* WHAT IS BEING ASKED
From the line below that contains "- Potência: 3600" to the line that contains "φ200mm (10只/套+", repeat every line exactly, both ends included, and nothing else.

(Beginning of EXTRACTED INFORMATION)

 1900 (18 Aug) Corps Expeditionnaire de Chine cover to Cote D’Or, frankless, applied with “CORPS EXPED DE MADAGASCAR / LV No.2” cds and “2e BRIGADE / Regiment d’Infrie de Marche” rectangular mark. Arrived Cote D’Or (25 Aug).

(End of EXTRACTED INFORMATION)
(Beginning of EXTRACTED INFORMATION)

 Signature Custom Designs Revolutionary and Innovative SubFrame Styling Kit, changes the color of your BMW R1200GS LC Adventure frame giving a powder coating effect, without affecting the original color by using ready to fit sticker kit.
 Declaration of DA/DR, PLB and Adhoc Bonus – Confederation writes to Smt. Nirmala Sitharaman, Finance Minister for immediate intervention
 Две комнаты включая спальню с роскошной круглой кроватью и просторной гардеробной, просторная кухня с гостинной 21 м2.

(End of EXTRACTED INFORMATION)
(Beginning of EXTRACTED INFORMATION)

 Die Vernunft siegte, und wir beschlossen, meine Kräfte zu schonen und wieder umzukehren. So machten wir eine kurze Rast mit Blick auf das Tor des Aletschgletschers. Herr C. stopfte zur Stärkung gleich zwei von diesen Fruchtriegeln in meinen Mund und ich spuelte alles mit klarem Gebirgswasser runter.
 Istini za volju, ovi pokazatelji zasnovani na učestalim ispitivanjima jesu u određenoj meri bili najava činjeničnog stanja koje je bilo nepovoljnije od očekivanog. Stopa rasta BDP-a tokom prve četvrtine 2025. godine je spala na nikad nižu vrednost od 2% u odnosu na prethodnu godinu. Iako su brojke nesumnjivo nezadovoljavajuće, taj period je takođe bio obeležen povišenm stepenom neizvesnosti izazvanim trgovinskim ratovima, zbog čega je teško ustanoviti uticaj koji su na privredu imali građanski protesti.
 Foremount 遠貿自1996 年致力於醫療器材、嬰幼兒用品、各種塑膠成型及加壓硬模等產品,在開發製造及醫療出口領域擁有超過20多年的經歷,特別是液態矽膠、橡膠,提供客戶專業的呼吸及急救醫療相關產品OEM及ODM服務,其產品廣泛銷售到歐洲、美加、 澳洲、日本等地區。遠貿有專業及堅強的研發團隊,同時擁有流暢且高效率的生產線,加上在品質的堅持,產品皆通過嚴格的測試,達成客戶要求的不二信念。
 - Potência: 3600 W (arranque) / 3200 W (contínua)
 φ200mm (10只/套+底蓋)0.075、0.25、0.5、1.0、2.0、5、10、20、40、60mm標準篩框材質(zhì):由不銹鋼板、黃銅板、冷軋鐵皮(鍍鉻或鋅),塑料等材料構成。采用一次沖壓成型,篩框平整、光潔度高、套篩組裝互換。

(End of EXTRACTED INFORMATION)

* EXPECTED ANSWER
 - Potência: 3600 W (arranque) / 3200 W (contínua)
 φ200mm (10只/套+底蓋)0.075、0.25、0.5、1.0、2.0、5、10、20、40、60mm標準篩框材質(zhì):由不銹鋼板、黃銅板、冷軋鐵皮(鍍鉻或鋅),塑料等材料構成。采用一次沖壓成型,篩框平整、光潔度高、套篩組裝互換。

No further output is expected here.